Expedited Assistance for Victims of Hurricanes Katrina and Rita:
FEMA's Control Weaknesses Exposed the Government to Significant Fraud and Abuse
GAO-06-403T: Published: Feb 13, 2006. Publicly Released: Feb 13, 2006.
As a result of widespread congressional and public interest in the federal response to hurricanes Katrina and Rita, GAO conducted an audit of the Individuals and Households Program (IHP) under Comptroller General of the United States statutory authority. Hurricanes Katrina and Rita destroyed homes and displaced millions of individuals. In the wake of these natural disasters, FEMA faced the challenge of providing assistance quickly and with minimal "red tape," while having sufficient controls to provide assurance that benefits were paid only to eligible individuals and households. In response to this challenge, FEMA provided $2,000 in IHP payments to affected households via its Expedited Assistance (EA) program. Victims who received EA may qualify for up to $26,200 in IHP assistance. As of mid-December 2005, IHP payments totaled about $5.4 billion, with $2.3 billion provided in the form of EA. These payments were made via checks, electronic fund transfers, and a small number of debit cards.

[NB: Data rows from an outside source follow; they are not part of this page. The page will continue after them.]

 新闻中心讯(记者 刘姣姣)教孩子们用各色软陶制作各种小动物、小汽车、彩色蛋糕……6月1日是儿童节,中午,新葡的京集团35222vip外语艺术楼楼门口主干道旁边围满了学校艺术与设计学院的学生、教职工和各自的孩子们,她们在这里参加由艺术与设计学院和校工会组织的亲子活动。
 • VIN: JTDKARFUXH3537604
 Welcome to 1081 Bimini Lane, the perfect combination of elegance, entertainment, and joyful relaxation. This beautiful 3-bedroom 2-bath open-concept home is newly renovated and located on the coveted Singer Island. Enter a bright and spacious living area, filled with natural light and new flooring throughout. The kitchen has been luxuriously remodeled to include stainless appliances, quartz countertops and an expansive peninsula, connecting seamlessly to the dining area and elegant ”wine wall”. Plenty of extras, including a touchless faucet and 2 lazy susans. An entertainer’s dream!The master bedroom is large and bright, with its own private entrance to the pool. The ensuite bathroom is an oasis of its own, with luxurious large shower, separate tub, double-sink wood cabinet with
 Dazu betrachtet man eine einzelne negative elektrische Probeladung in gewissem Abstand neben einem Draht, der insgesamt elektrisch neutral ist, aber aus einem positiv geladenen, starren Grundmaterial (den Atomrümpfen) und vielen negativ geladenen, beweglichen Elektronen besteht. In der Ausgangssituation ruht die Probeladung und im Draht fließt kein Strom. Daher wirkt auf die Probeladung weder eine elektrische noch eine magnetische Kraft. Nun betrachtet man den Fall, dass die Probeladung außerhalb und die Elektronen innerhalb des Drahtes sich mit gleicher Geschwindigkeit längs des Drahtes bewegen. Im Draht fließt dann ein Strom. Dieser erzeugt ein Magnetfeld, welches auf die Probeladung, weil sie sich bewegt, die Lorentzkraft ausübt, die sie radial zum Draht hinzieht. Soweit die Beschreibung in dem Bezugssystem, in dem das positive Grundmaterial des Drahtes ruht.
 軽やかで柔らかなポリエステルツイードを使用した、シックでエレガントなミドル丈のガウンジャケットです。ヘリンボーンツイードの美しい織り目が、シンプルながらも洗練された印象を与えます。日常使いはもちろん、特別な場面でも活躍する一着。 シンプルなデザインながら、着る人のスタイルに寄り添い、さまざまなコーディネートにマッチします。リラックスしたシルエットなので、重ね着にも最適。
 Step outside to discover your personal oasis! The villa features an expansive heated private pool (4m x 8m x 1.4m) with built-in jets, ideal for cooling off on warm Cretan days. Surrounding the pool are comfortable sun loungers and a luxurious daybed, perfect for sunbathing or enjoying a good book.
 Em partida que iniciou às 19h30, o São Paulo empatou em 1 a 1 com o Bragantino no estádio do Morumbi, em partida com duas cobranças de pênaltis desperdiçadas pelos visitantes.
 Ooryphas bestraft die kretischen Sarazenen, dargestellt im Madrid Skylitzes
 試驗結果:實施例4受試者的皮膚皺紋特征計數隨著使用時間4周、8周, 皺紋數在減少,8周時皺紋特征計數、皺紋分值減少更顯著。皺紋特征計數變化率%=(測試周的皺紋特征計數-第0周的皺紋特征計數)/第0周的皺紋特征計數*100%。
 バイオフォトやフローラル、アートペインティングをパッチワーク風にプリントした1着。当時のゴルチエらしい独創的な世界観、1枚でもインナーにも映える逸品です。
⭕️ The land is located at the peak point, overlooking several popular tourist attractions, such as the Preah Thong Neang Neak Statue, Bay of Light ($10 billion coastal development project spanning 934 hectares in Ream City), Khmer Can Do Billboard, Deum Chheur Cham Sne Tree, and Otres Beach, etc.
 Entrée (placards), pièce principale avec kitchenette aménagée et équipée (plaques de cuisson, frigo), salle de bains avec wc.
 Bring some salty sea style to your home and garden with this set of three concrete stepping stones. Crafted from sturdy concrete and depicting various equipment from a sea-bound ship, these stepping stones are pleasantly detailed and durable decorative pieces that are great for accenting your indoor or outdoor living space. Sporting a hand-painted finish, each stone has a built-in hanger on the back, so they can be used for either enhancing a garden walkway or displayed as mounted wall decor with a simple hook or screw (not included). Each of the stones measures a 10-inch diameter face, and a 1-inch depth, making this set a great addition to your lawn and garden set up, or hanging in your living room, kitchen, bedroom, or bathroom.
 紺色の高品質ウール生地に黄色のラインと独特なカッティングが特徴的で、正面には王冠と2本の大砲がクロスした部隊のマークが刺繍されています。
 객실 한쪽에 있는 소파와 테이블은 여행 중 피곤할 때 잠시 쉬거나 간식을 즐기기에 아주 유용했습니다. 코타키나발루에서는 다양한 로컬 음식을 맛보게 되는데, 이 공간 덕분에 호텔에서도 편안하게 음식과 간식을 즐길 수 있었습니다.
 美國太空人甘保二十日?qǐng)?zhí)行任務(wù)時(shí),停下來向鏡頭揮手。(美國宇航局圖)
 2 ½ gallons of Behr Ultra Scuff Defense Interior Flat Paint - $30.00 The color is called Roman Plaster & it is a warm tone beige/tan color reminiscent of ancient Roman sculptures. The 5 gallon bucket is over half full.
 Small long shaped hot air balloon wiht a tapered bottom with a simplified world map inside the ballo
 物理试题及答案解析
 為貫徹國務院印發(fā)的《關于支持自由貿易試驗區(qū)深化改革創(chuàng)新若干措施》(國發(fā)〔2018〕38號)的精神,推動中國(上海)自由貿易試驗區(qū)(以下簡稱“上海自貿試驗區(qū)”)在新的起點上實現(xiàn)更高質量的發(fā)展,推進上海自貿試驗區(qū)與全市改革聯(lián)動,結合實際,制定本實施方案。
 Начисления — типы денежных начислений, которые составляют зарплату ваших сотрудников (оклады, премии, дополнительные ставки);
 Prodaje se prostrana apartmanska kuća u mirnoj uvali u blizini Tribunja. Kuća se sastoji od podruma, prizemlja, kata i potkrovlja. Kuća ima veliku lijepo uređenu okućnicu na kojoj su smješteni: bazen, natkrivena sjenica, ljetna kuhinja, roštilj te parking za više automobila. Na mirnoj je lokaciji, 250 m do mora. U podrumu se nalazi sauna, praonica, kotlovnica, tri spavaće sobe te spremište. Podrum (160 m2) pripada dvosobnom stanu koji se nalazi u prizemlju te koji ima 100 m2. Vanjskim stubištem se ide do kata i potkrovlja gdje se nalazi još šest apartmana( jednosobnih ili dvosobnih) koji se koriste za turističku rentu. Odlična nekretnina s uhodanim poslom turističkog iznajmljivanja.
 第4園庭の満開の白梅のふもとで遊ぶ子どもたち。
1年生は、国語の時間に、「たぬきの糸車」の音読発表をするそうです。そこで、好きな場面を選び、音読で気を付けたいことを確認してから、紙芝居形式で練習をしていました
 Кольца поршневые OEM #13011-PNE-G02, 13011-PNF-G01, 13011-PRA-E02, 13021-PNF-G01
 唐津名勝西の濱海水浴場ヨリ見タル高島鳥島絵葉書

GAO's testimony will provide the results to date related to whether (1) controls are in place and operating effectively to limit EA to qualified applicants, (2) indications exist of fraud and abuse in the application for and receipt of EA and other payments, and (3) controls are in place and operating effectively over debit cards to prevent duplicate EA payments and improper usage.
We identified significant flaws in the process for registering disaster victims that leave the federal government vulnerable to fraud and abuse of EA payments. For Internet applications, limited automated controls were in place to verify a registrant's identity. However, we found no independent verification of the identity of registrants who registered for disaster assistance over the telephone. To demonstrate the vulnerability inherent in the call-in applications, we used falsified identities, bogus addresses, and fabricated disaster stories to register for IHP. We also found that FEMA's automated system frequently identified potentially fraudulent registrations, such as multiple registrations with identical social security numbers (SSN) but different addresses. However, the manual process used to review these registrations did not prevent EA and other payments from being issued. Other control weaknesses include the lack of any validation of damaged property addresses for both Internet and telephone registrations. Given the weak or non existent controls, it is not surprising that our data mining and investigations to date show the potential for substantial fraud and abuse of EA. Thousands of registrants misused SSNs, i.e., used SSNs that were never issued or belonged to deceased or other individuals. Our case study investigations of several hundred registrations also indicate significant misuse of SSNs and the use of bogus damaged property addresses. For example, our visits to over 200 of the case study damaged properties in Texas and Louisiana showed that at least 80 of these properties were bogus--including vacant lots and nonexistent apartments. We found that FEMA also made duplicate EA payments to about 5,000 of the nearly 11,000 debit card recipients--once through the distribution of debit cards and again by check or electronic funds transfer. We found that while debit cards were used predominantly to obtain cash, food, clothing, and personal necessities, a small number were used for adult entertainment, bail bond services and weapons purchase, which do not appear to be items or services that are essential to satisfy disaster related essential needs.